» WORK REQUIRED
Leave out the pictures and repeat every record exactly.
_____
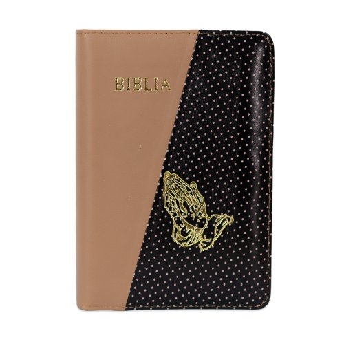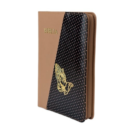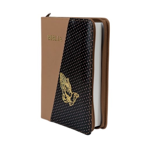 Biblie din piele, marime medie, culoare, maro cu negru și puncte roz, fermoar, margini albe, simbol maini in rugaciune, cuv. lui Isus cu rosu [053]
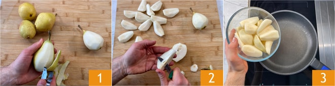 Para preparar la tarta de peras y chocolate, primero pelad las peras coscia 1, luego divididlas en 4 partes y quitad la parte central del corazón 2. Colocad los gajos en una sartén antiadherente y encended el fuego a llama alta 3.
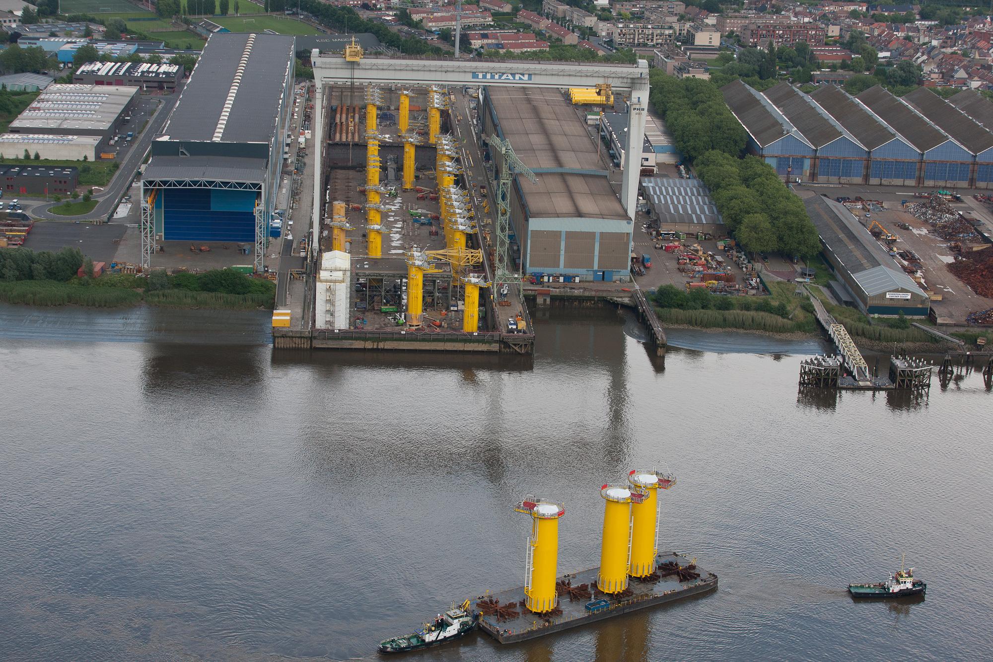 On Wednesday, the last three transition pieces for the Dudgeon offshore wind farm left Smulders’ yard in Hoboken.
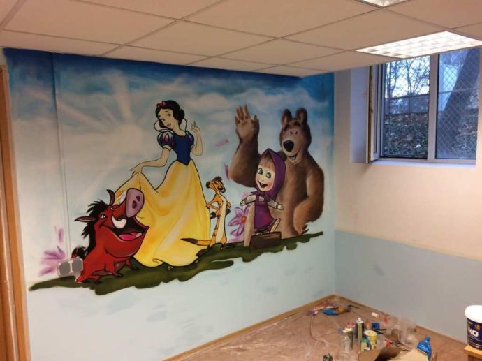 Той и негови приятели от „Ротаракт” изрисуваха на стените Снежанка и други приказни герои, които карат детските усмивки да грейнат.
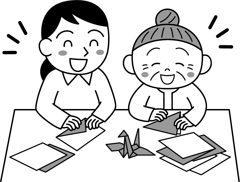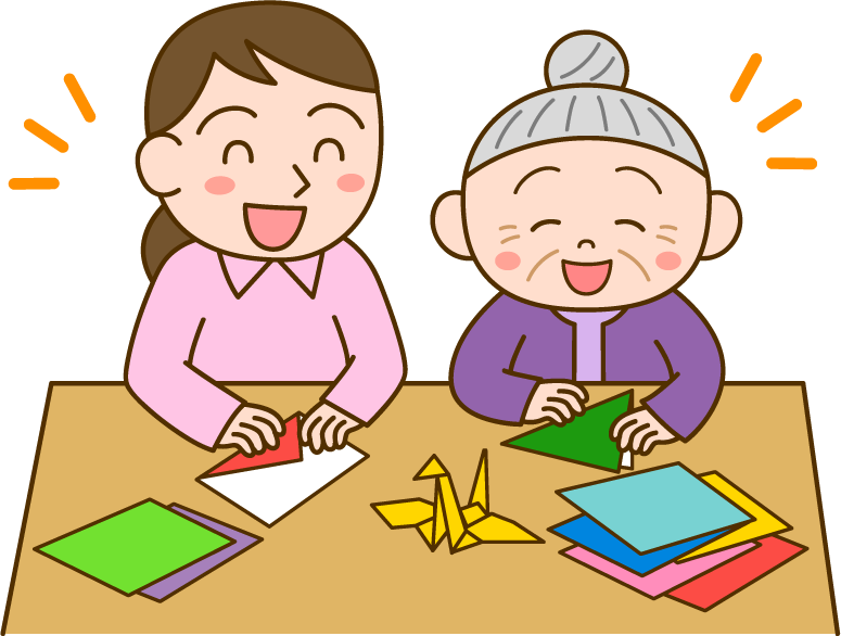 介護施設 デイサービス 老人ホーム お年寄り 老人 高齢者 女性 おばあさん おばあちゃん 介護士 ヘルパー レクリエーション レク 折り紙 折紙 おりがみ つる 鶴 レトロゲーム
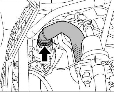 4. Fit and tighten Torx screw (M6 x 12) to secure holding clamp on vent line -arrow-. --> Tightening torque: 7.5 ftlb.
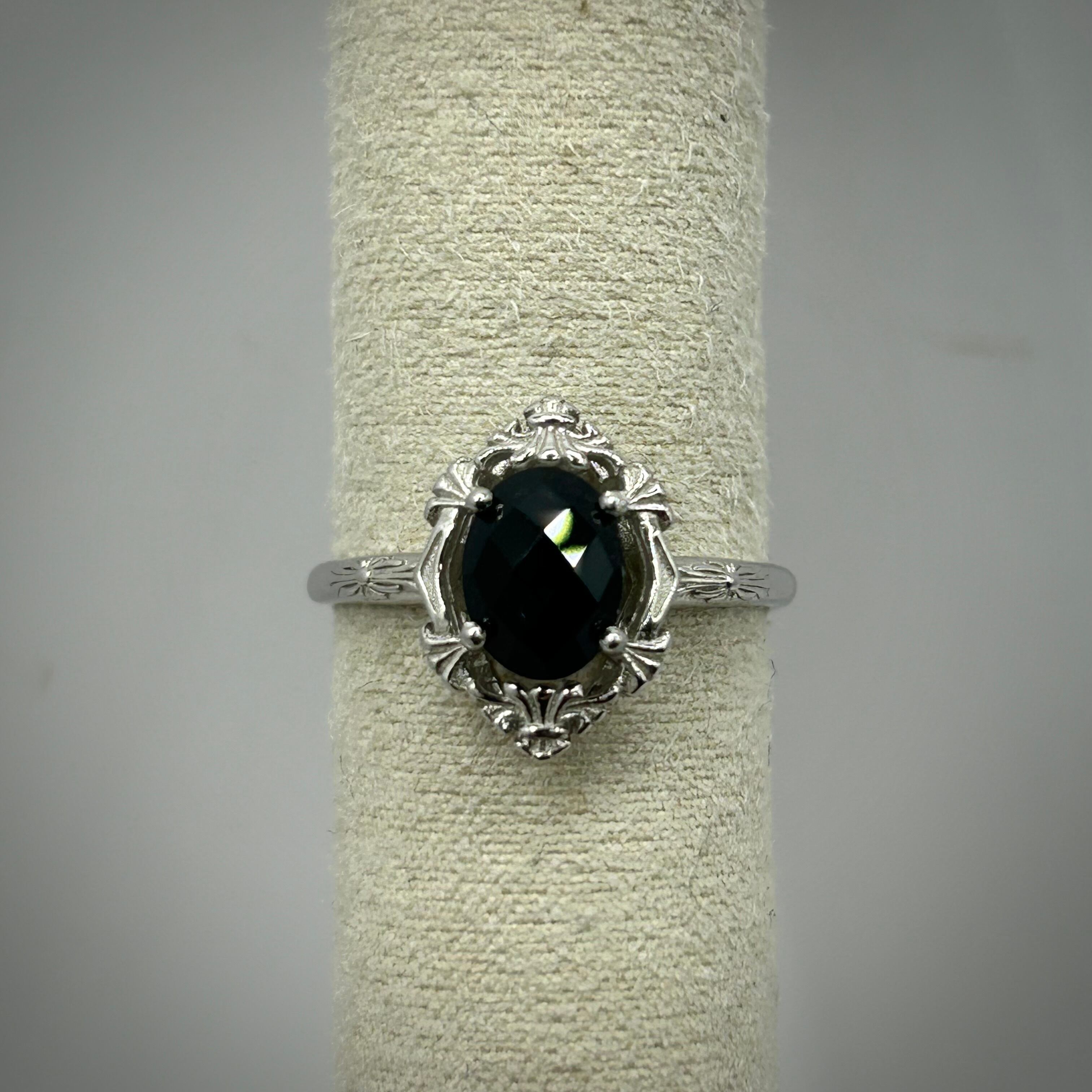 シルバー製 ローズカット オニキス ゴシック調リング フリーサイズ
_____
» SOLUTION TO THE PROBLEM
 Biblie din piele, marime medie, culoare, maro cu negru și puncte roz, fermoar, margini albe, simbol maini in rugaciune, cuv. lui Isus cu rosu [053]
 Para preparar la tarta de peras y chocolate, primero pelad las peras coscia 1, luego divididlas en 4 partes y quitad la parte central del corazón 2. Colocad los gajos en una sartén antiadherente y encended el fuego a llama alta 3.
 On Wednesday, the last three transition pieces for the Dudgeon offshore wind farm left Smulders’ yard in Hoboken.
 Той и негови приятели от „Ротаракт” изрисуваха на стените Снежанка и други приказни герои, които карат детските усмивки да грейнат.
 介護施設 デイサービス 老人ホーム お年寄り 老人 高齢者 女性 おばあさん おばあちゃん 介護士 ヘルパー レクリエーション レク 折り紙 折紙 おりがみ つる 鶴 レトロゲーム
 4. Fit and tighten Torx screw (M6 x 12) to secure holding clamp on vent line -arrow-. --> Tightening torque: 7.5 ftlb.
 シルバー製 ローズカット オニキス ゴシック調リング フリーサイズ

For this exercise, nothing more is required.